Abstract

During February of 1987 the National Museum of Mali in Bamako and the Fowler Museum of Cultural History at UCLA began a collaborative project to study and document social institutions that support weaving and associated technologies in Mali, and to collect examples of locally-produced textiles for each of the two museums. Claude Daniel Ardouin, Director of the National Museum of Mali until 1987, defined a textiles collection project as part of what he conceived to be the National Museum's mandate to protect Mali's cultural heritage, a heritage in which the production of textiles plays a significant role. Ardouin quite literally reinvented Mali's National Museum as an actively archival institution, believing it to be essential and instrumental in conserving the country's rich artistic traditions. Toward this end, in 1986 Ardouin and Philip L. Ravenhill, then Director of the West African Museums Project, began discussions with Doran H. Ross, Deputy Director of the Fowler Museum of Cultural History, about collaborative, long-term research.

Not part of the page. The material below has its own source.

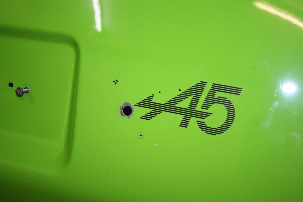 Das A5-Logo ist voll im Weg und muss leider weg - echt schade aber auch, Mann :-\! Und ich tu mich da echt schwer, das Logo runter zu machen... einerseits, weil ich das A5 einfach stilistisch echt unglaublich gut finde, und andererseits, weil auch da echt schon richtig viel Arbeit reingeflossen ist... mangels Verfügbarkeit habe ich die Logos und Dekore Anfang der 2000er anhand eines alten Aufklebers rekonstruiert und mit AutoCad gezeichnet. Die Plotterei war sauteuer, aber das hatte ich glaube ich schon erwähnt, oder? Ach ja, und überhaupt finde ich das 1981er-Design mit den schmalen Streifen und dem A5, das über die Streifen hochsteht einfach nur das passendste Design für den alten 5er :). Aber hilft ja alles nix, ist im Weg und muss runter.

Resources and expenses would be shared, resulting in a mutually enriching collaboration.Early 1987 marked the first field season of the partnership that developed out of that early meeting. By 1991, under the joint auspices of Ross and Samuel Sidibe, present Director of the National Museum of Mali, the collaboration had completed the projected five field seasons of textiles documentation and collection covering five regions of Mali. This paper addresses some practical aspects of this extended, institutionally sponsored, collaborative fieldwork. It also discusses the collaborative project under the sometimes harsh light of postcolonial self-examination.